▸ Task objective: Only the lines from the start of the entries through the line with "INVICTA Herren-Kurzarmhemd, groß, grün" should be returned, each exactly as it stands, and no pictures.

[Records from a collection]
((

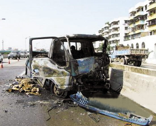 據(jù)警方人員說(shuō),他們接到報(bào)警趕到現(xiàn)場(chǎng)時(shí),火勢(shì)很大,經(jīng)消防車(chē)施救,大火10分鐘后被撲滅。據(jù)警方透露,出事小車(chē)屬江門(mén)市某五金制品公司,車(chē)牌號(hào)為粵JN21×。該車(chē)核載重量為1.75噸,出事時(shí)該車(chē)已涉嫌超載。(饒新一 李昕)
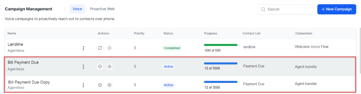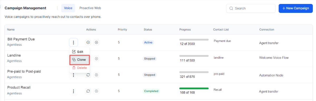 Cloning a voice campaign creates a replica of the original campaign. This is useful when two or more similar campaigns run simultaneously.
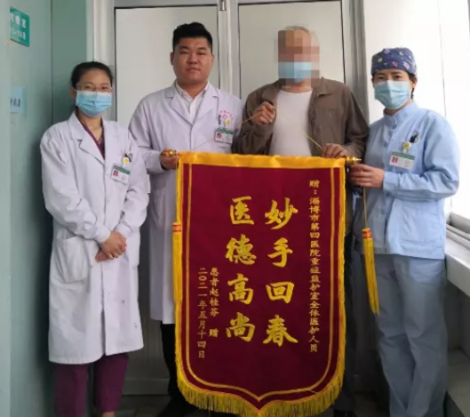 近日,淄博市第四人民医院重症医学科收到了患者赵某某家属送来的一面上书“医德高尚 妙手回春”的锦旗,真挚表达了患者及家属对重症医学科全体医护人员的感激之情。
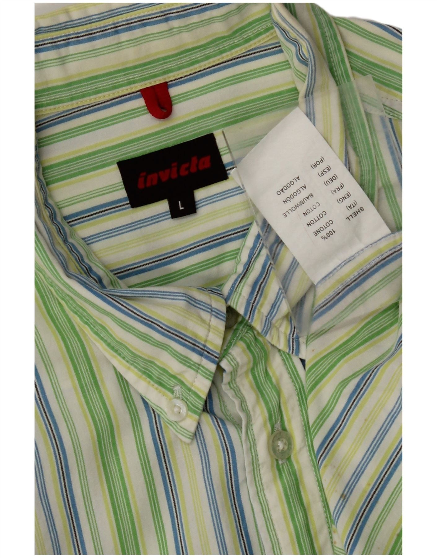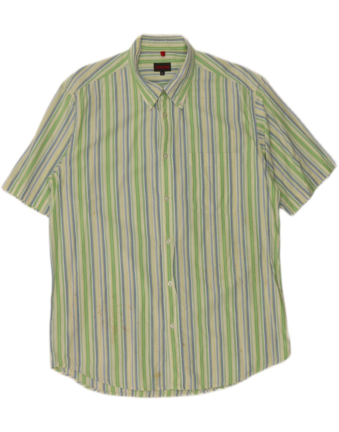 INVICTA Herren-Kurzarmhemd, groß, grün gestreift, Baumwolle
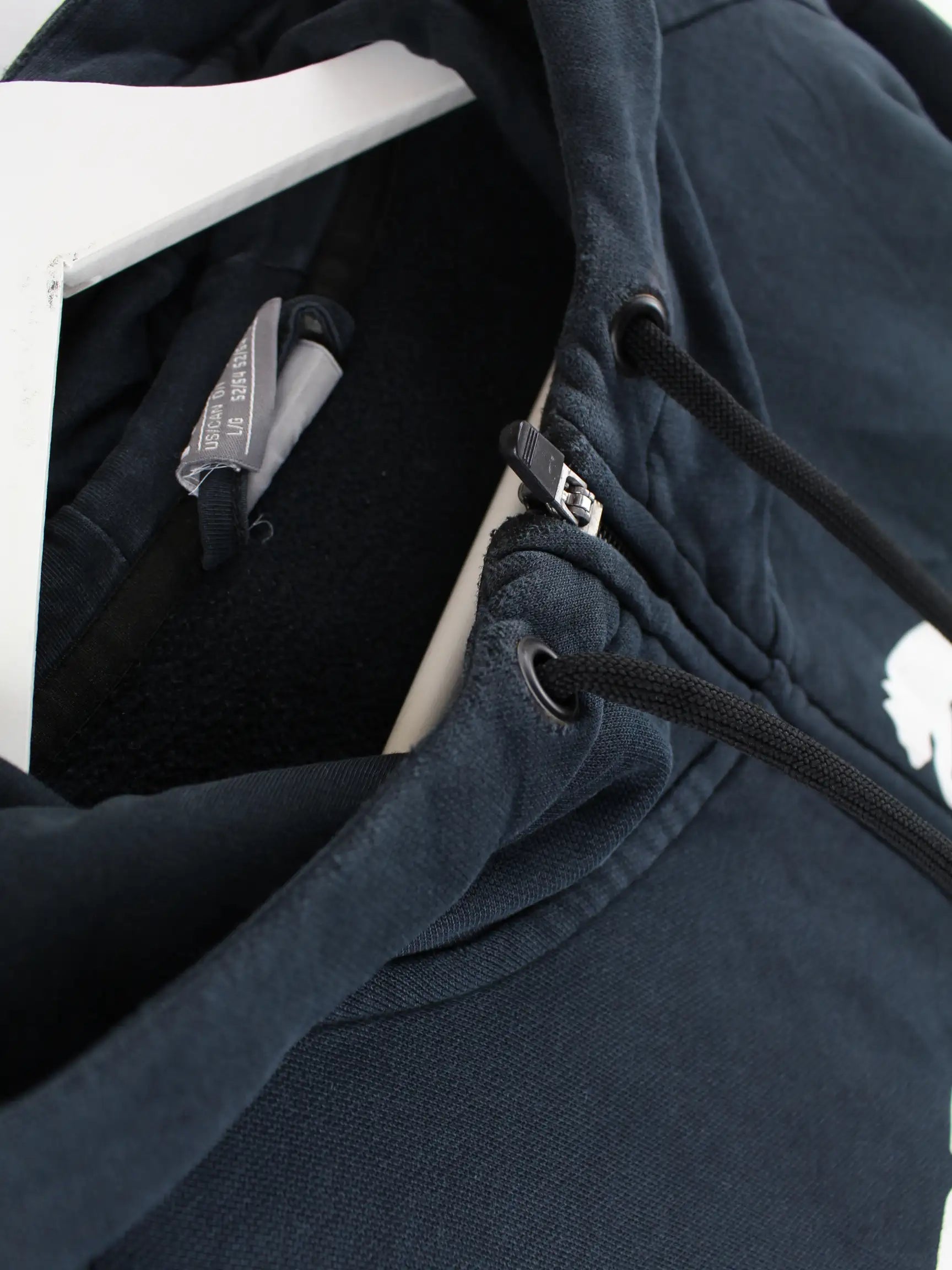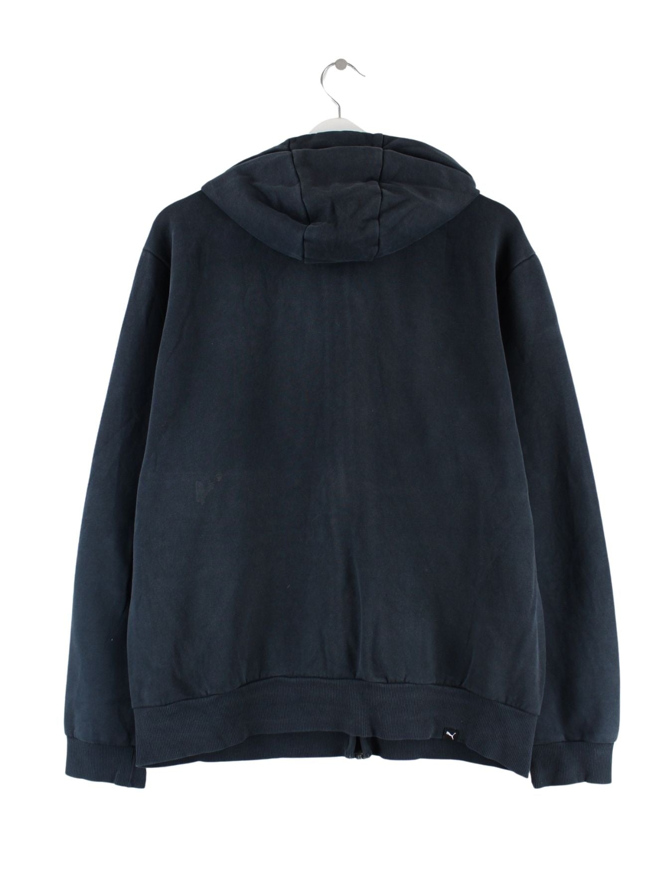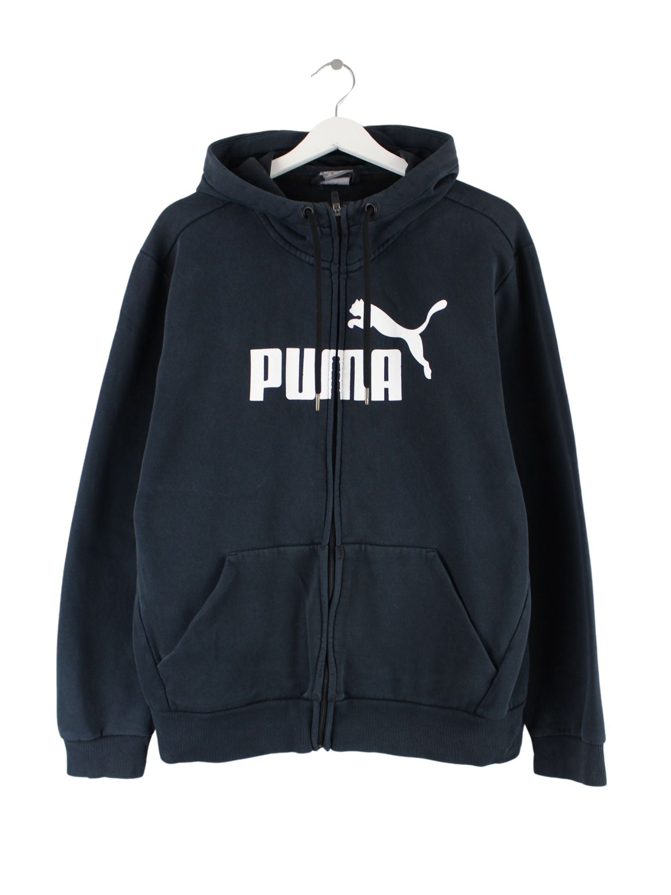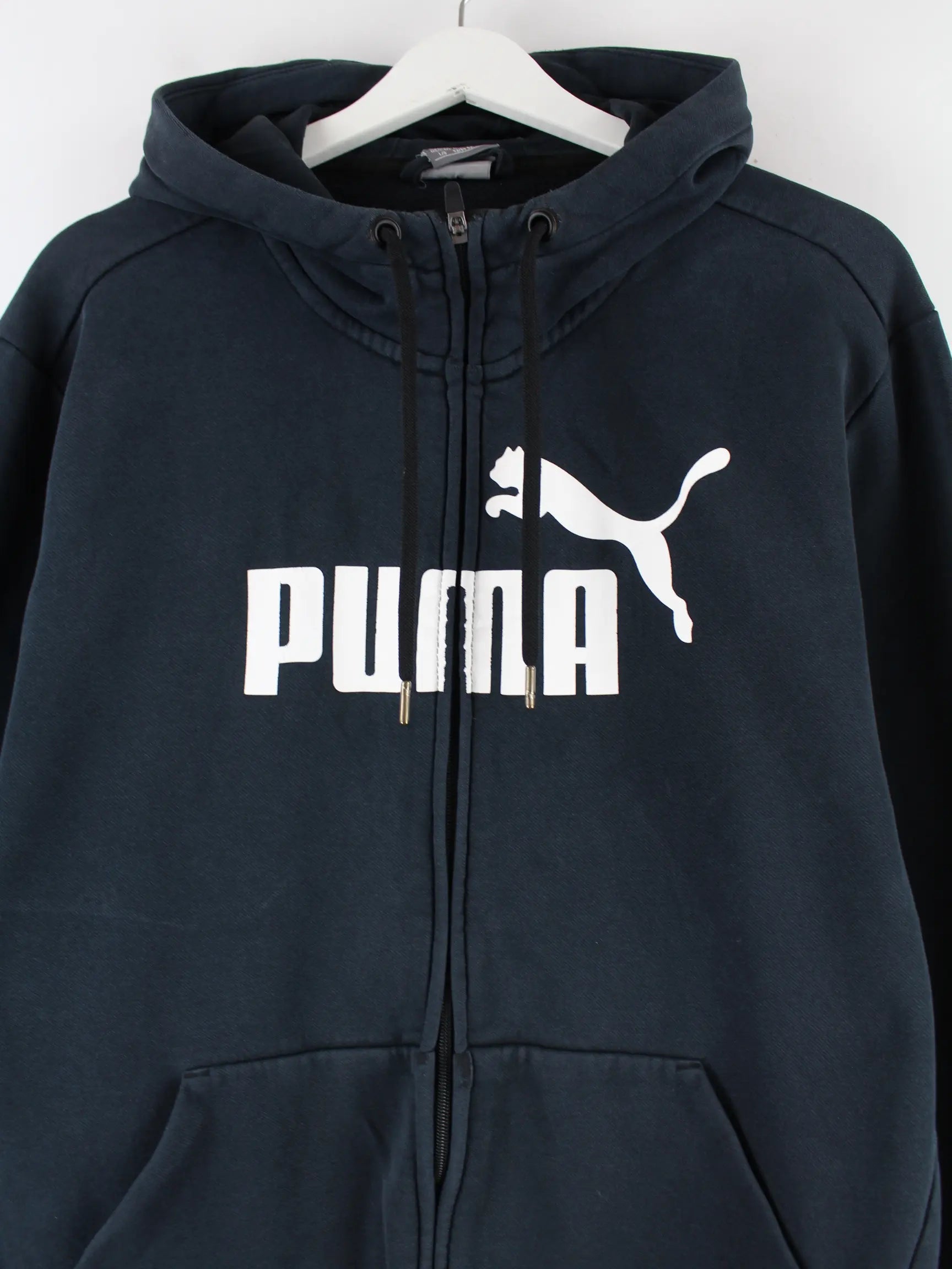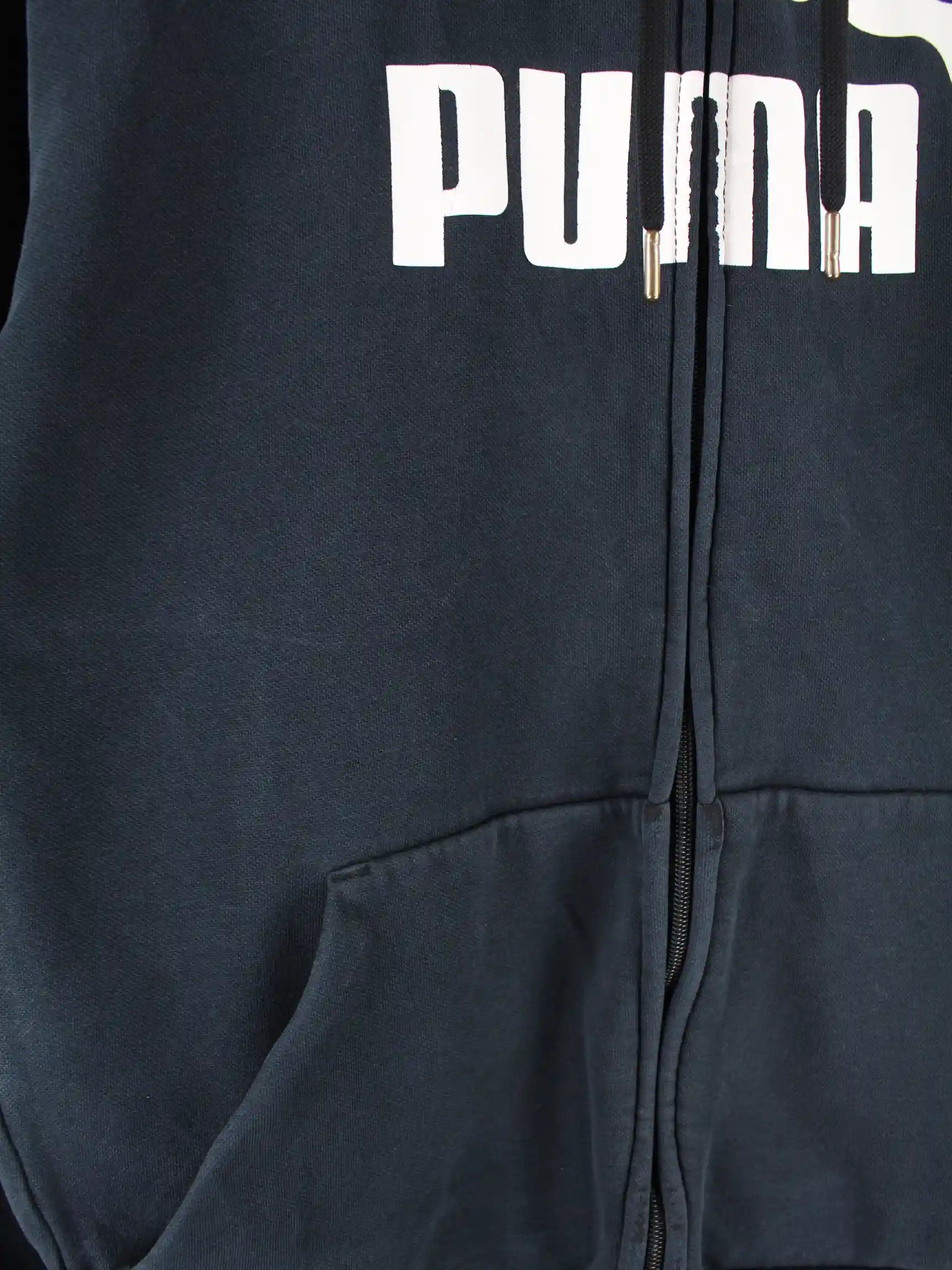Schwarzer Hoodie mit durchgehendem Reißverschluß der Brand Puma in Größe L. Er ist aus einer Baumwollmischung produziert. Den Zustand würden wir als 'In Ordnung' bezeichnen (vergl. Bilder).Mit chiquem undefined Print.

))

▸ Result below:
 據(jù)警方人員說(shuō),他們接到報(bào)警趕到現(xiàn)場(chǎng)時(shí),火勢(shì)很大,經(jīng)消防車(chē)施救,大火10分鐘后被撲滅。據(jù)警方透露,出事小車(chē)屬江門(mén)市某五金制品公司,車(chē)牌號(hào)為粵JN21×。該車(chē)核載重量為1.75噸,出事時(shí)該車(chē)已涉嫌超載。(饒新一 李昕)
 Cloning a voice campaign creates a replica of the original campaign. This is useful when two or more similar campaigns run simultaneously.
 近日,淄博市第四人民医院重症医学科收到了患者赵某某家属送来的一面上书“医德高尚 妙手回春”的锦旗,真挚表达了患者及家属对重症医学科全体医护人员的感激之情。
 INVICTA Herren-Kurzarmhemd, groß, grün gestreift, Baumwolle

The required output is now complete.